BEGIN

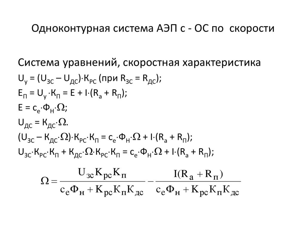 Система АЭП с – ОС по напряжению и + ОС по токуСистема уравнений
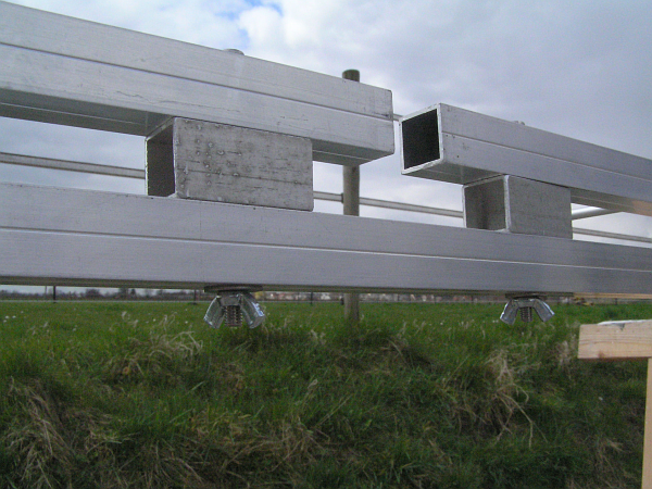 The picture above shows 3 bars, each 2500mm. The bars are bolted together according to the above picture. The middle section is just a small part of another bar. A hole is drilled through the three bars. A 70mm bolt is then put into the hole and closed with a wing nut. Apply wide washers on both ends of the bolt connection to get a more solid construction.
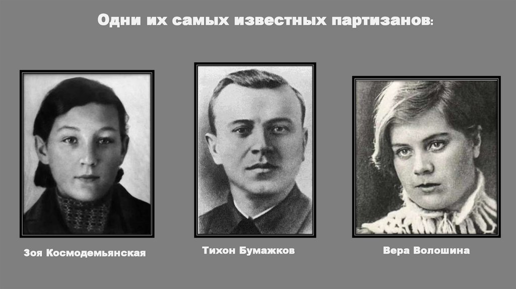 Одни их самых известных партизанов:Зоя Космодемьянская

END

## Aim of the exercise:
Retype the data above exactly. Leave the pictures out.

## Solution:
 Система АЭП с – ОС по напряжению и + ОС по токуСистема уравнений
 The picture above shows 3 bars, each 2500mm. The bars are bolted together according to the above picture. The middle section is just a small part of another bar. A hole is drilled through the three bars. A 70mm bolt is then put into the hole and closed with a wing nut. Apply wide washers on both ends of the bolt connection to get a more solid construction.
 Одни их самых известных партизанов:Зоя Космодемьянская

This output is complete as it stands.